According to the scheme, when stable operation of the weather service system is detected, sequence fluctuation of the weather health index is obtained, and a time sequence is obtained according to the sequence fluctuation and time; acquiring the starting time and the ending time of the time sequence, and acquiring a time sequence value from the starting time to the ending time; obtaining a time sequence average value and a time sequence standard deviation according to the time sequence numerical value; the upper and lower boundaries corresponding to the time sequence average value and the time sequence standard deviation can be rapidly and accurately determined by using a 3-sigma algorithm, so that the first-line operation and maintenance pressure is effectively reduced, and the accuracy of monitoring the weather health index abnormality is improved.
Further, fig. 6 is a flowchart of a fifth embodiment of the weather-health-index anomaly monitoring method according to the present invention, as shown in fig. 6, and the fifth embodiment of the weather-health-index anomaly monitoring method according to the present invention is proposed based on the first embodiment, in which the step S30 specifically includes the following steps:
And S31, determining reasonable fluctuation ranges corresponding to different types of weather health indexes according to the upper and lower boundaries.
It should be noted that, to ensure that the health index is displayed correctly, an initial threshold needs to be designed by service experts of each system for actual use conditions and daily operation and maintenance requirements of the system in the initial period of the system, when the service system operates stably, the health index will generate a stable time sequence, and the sequence will fluctuate within a reasonable range, i.e. a reasonable fluctuation range corresponding to different types of weather health indexes can be determined according to the upper and lower boundaries.
And step S32, judging that the current health index is normal when the current health index of the weather health index is detected to be in the current reasonable fluctuation range.
It should be appreciated that upon detecting that the current health indicator of the weather health indicator is within a current reasonable fluctuation range, it may be determined that the current health indicator is normal.

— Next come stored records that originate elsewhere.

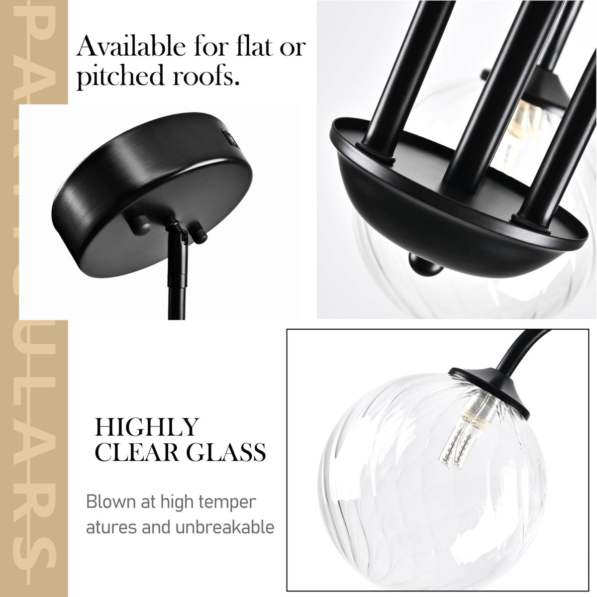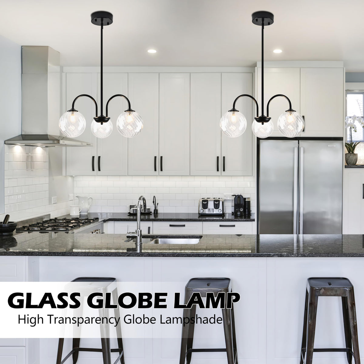 Bagood Modern Globe Pendant Lights Kitchen Island Mid Century Sputnik Chandelier Contemporary Chandeliers Black Finished with Clear Globe Glass Lampshade Sputnik Chandeliers for Dining Room
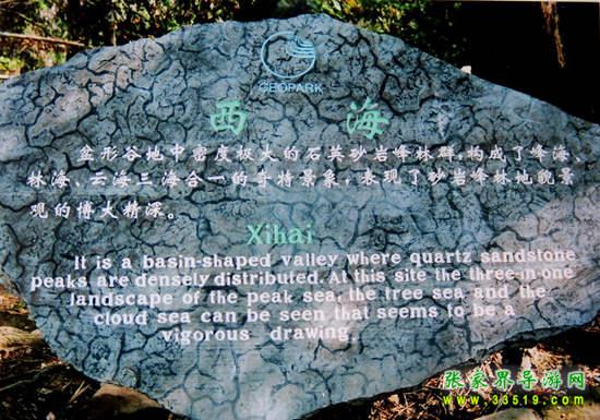 西海位于張家界索溪峪西北,是一個(gè)群山環(huán)抱、深不可測的“桶”形盤谷,有上千座石峰竹筍般密密麻麻插在不到幾平方公里的深川大峽之中,秀麗而神奇。春夏或秋初雨后初晴,則云如浪濤,翻涌奔瀉,鋪天蓋地,極為壯觀,是為“云海”。“三海合一”就是西海的特色。其中通天門、天臺為絕景。
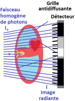 L'atténuation des photons en radiologie médicale provient essentiellement de deux types d'interactions : l'effet photoélectrique et la diffusion Compton. Lors d'une radiographie, en l'absence de diffusion Compton, les photons sont soit transmis à travers le patient soit absorbés par effet photoélectrique, en fonction des tissus traversés. Sur un grand nombre de photons incidents, le contraste de l'image est alors idéal. En pratique, certains photons sont diffusés par effet Compton, ils changent donc de trajectoire et peuvent ainsi interagir sur une zone du détecteur pour laquelle ils ne sont pas représentatifs des tissus traversés. Les photons diffusés diminuent donc la qualité de l'image. Pour pallier cette détérioration de l'image radiante, on utilise dans certaines conditions une grille antidiffusante ou la technique air-gap (voir plus bas : Qualité de l'image).
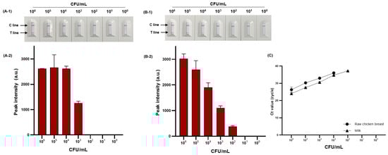 We evaluated the detection performance of PMAxx-RPA-based NALF by comparing the sensitivity in food samples. The sensitivity to viable S. Typhimurium (100–106 CFU/mL) artificially inoculated into milk and raw chicken breast is shown in Figure 8A-1,A-2,B-1,B-2. The detection limit was 4.44 × 103 and 5.9 × 102 CFU/mL for raw chicken breast and milk, respectively. The proposed method was compared with the sensitivity and reliability of real-time PCR as the detection standard for foodborne pathogens, confirming the same detection limit of 4.44 × 103 and 5.9 × 102 CFU/mL for raw chicken breast and milk, respectively (Figure 8C).

And step S33, judging that the current health index is abnormal when the current health index of the weather health index is detected not to be in the current reasonable fluctuation range, and identifying abnormal nodes corresponding to abnormal data points in the current health index.

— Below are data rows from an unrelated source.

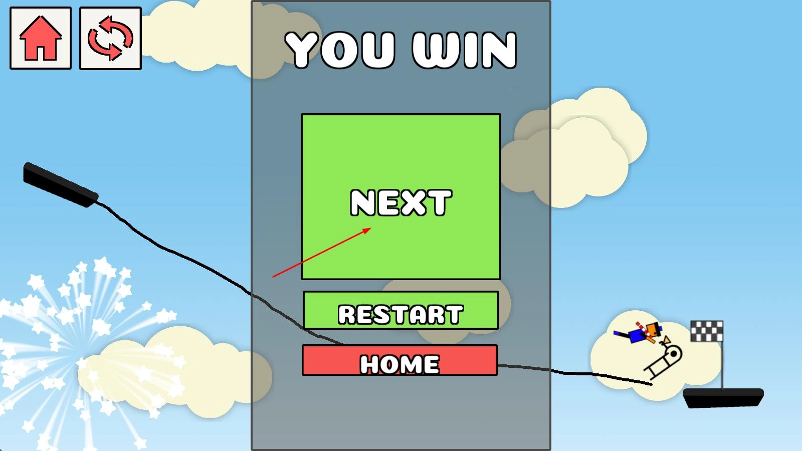 當你畫出的道路能引導小人成功避開所有陷阱,順利到達終點,就能通過當前關卡,解鎖更復雜的新關卡繼續(xù)挑戰(zhàn)。
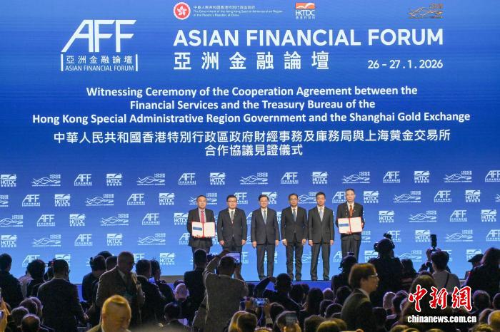 1月26日,在香港揭幕的第19屆亞洲金融論壇上,香港特區(qū)政府財(cái)經(jīng)事務(wù)及庫務(wù)局與上海黃金交易所簽署合作協(xié)議,推動(dòng)兩地黃金市場合作。圖為香港特區(qū)行政長官李家超(左三)、中國人民銀行副行長鄒瀾(右三)等嘉賓見證簽署合作協(xié)議?!≈行律缬浾?陳永諾 攝
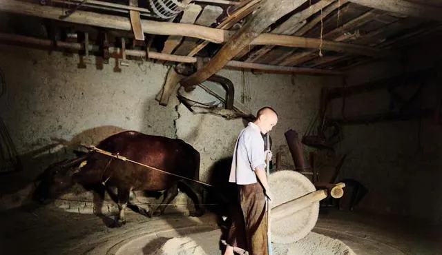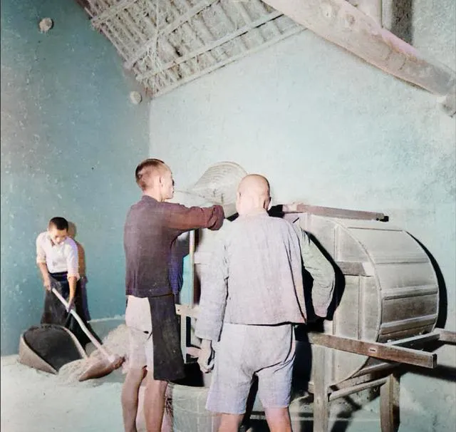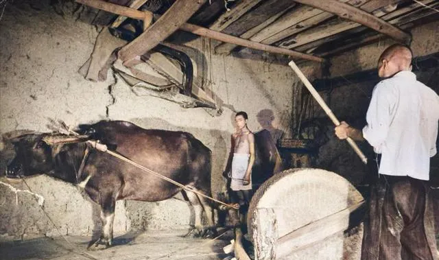 这几张放在一起看,特别能看出当年的农村生活节奏。碾米、扬谷、牛拉碾盘,全是力气活。房梁粗,地面实,灰尘和谷壳混在一起,干活的人穿得都很简单。以前总觉得“男耕女织”只是书上的词,真看到这些画面,才知道那四个字后面,全是一天一天磨出来的日子。

It can be appreciated that when it is detected that the current health index of the weather health index is not in the current reasonable fluctuation range, the current health index is determined to be abnormal, and the abnormal node corresponding to the abnormal data point in the current health index is identified.

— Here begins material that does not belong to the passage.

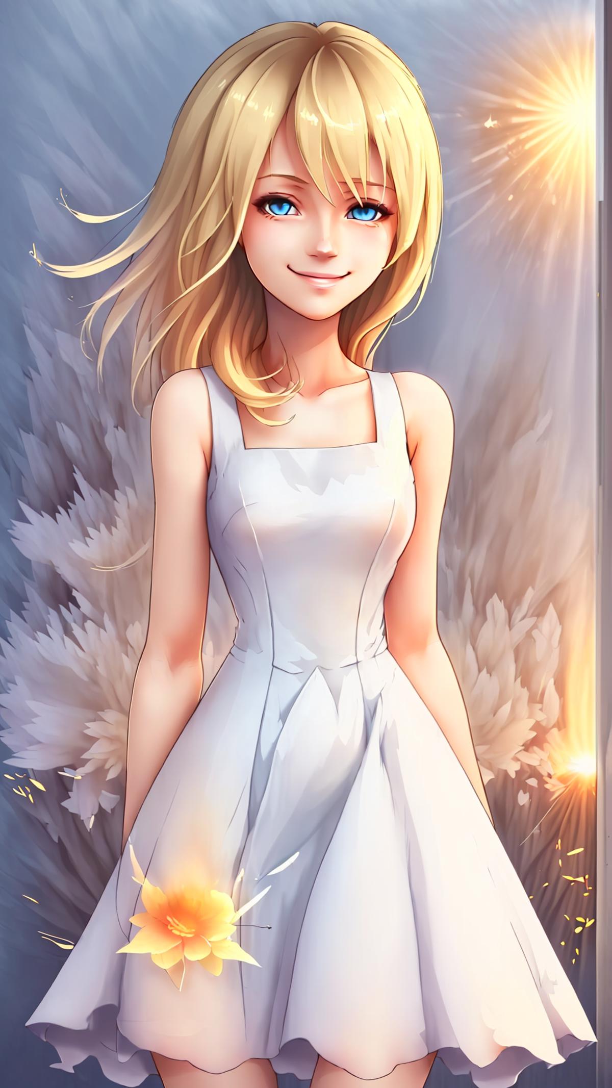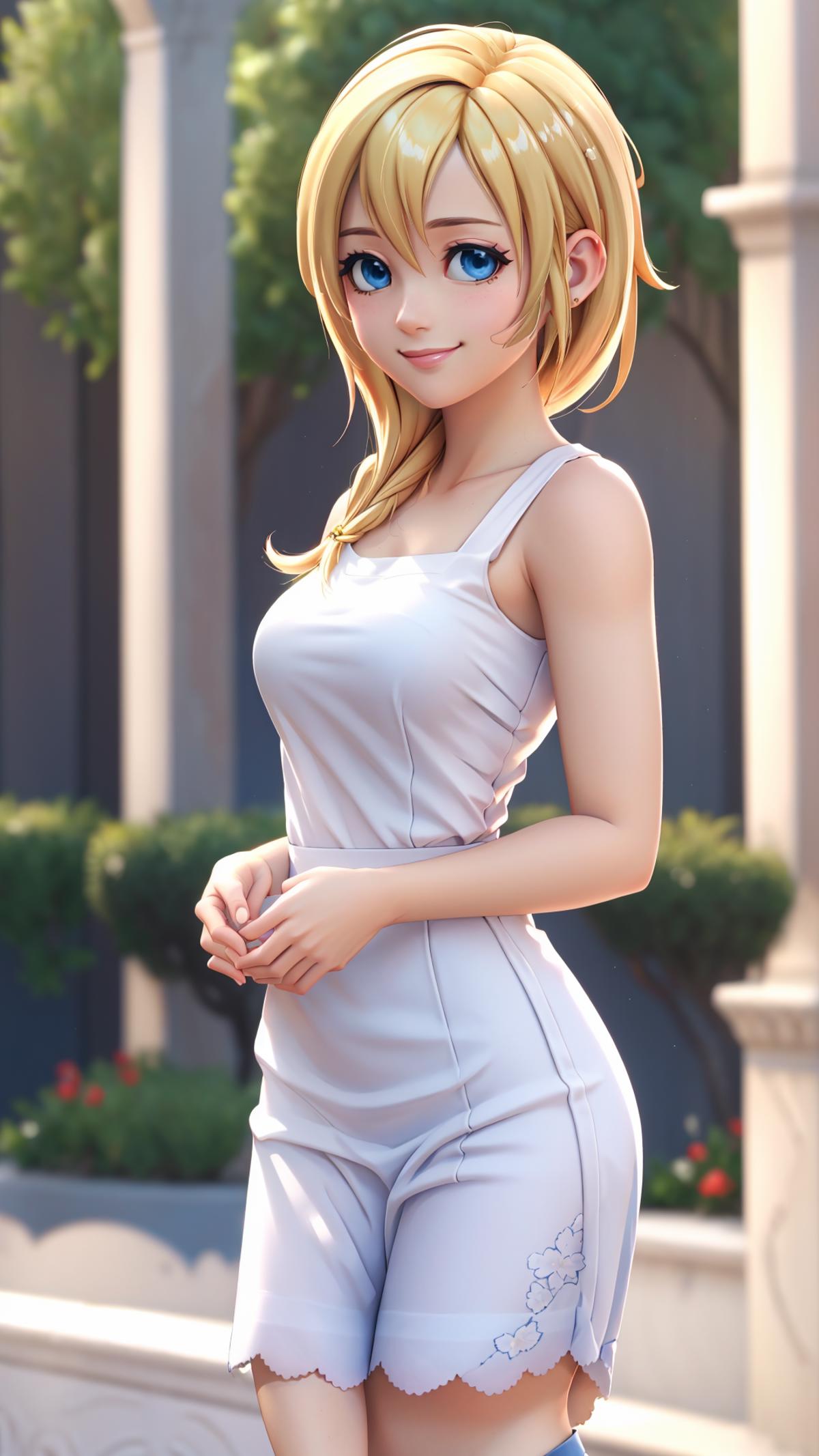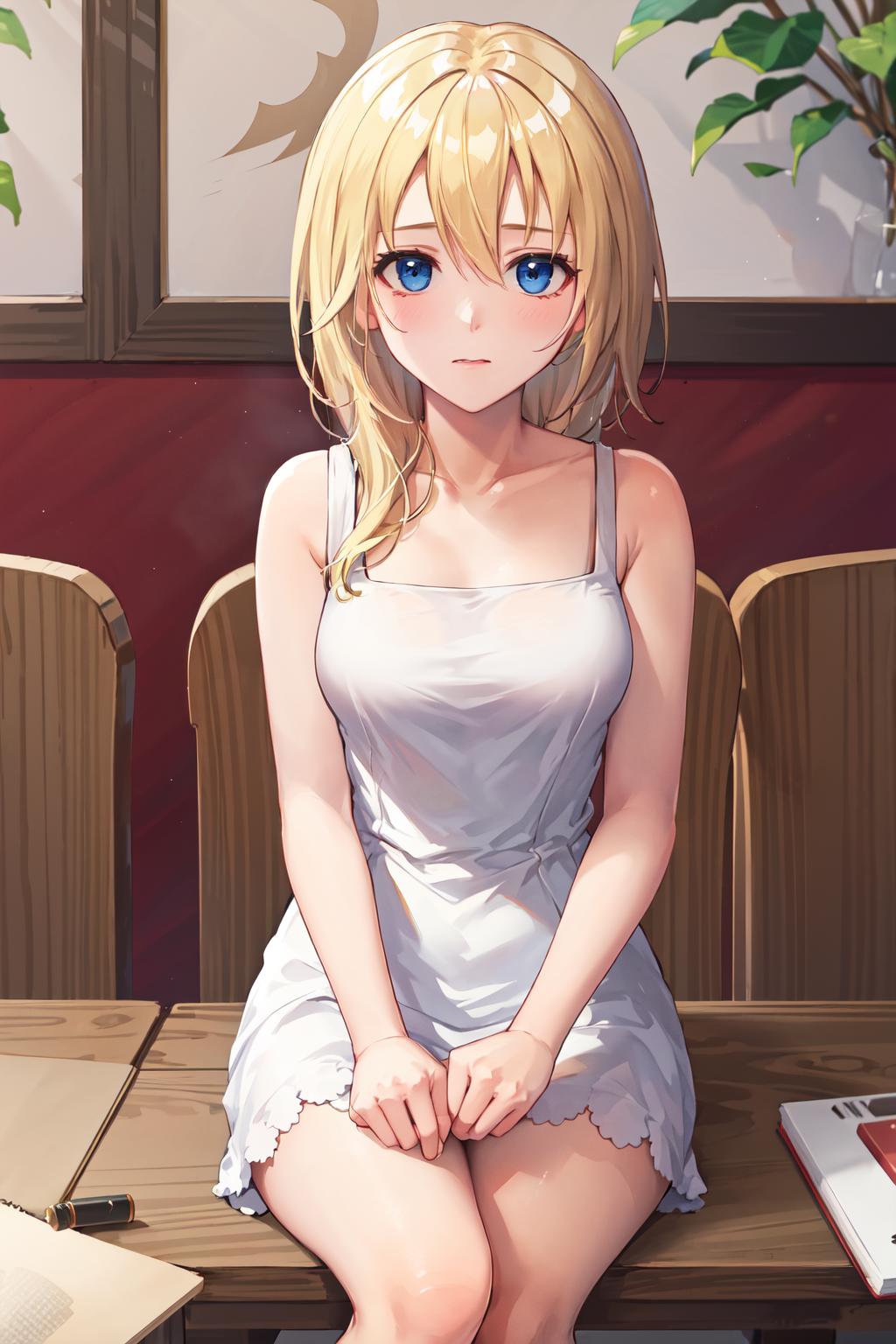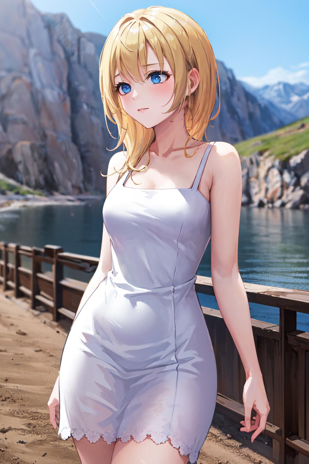 aanamine, blonde hair, bare shoulders, white dress, dress

The anomaly data can be detected by:
abnormal sudden increases (Upper bound, UB) are detected:
abnormal abrupt decreases (Lower bound (LB))aredetected:
It will be appreciated that by performing a 3-sigma analysis on the time series data, it is possible to detect whether abnormal data points are present; under normal distribution assumptions, about 99.7% of the data points should fall within the mean plus three standard deviations; if a data point is outside of this range, it is likely to be an outlier or an outlier event; in the experiment, the mean and standard deviation of the data are calculated first, then the 3-sigma range (the range of the mean plus three times the standard deviation) is determined, and if a certain data point falls outside the range, the data point can be marked as potential abnormality.
According to the scheme, reasonable fluctuation ranges corresponding to different types of weather health indexes are determined through the upper and lower boundaries; when the current health index of the weather health index is detected to be in the current reasonable fluctuation range, judging that the current health index is normal; when the current health index of the weather health index is detected not to be in the current reasonable fluctuation range, judging that the current health index is abnormal, and identifying an abnormal node corresponding to an abnormal data point in the current health index; the value of monitoring data can be mined, the automatic troubleshooting capability of faults is improved, the faults are early-warning and transforming from 'passive' discovery to 'active' in advance, the first-line operation and maintenance pressure is effectively reduced, and the accuracy of monitoring the meteorological health index abnormality is improved; the intelligent operation and maintenance capability of the real-time monitoring system for the weather comprehensive business is improved, an early warning mechanism from passive processing after the occurrence of the past faults to active processing for discovering the abnormality of the system in advance is formed, a general frame of the system health index suitable for the weather business is formed, the time consumption for processing the faults is reduced, alarms of different business systems can be effectively associated, and the speed and the efficiency of monitoring the abnormality of the weather health index are improved.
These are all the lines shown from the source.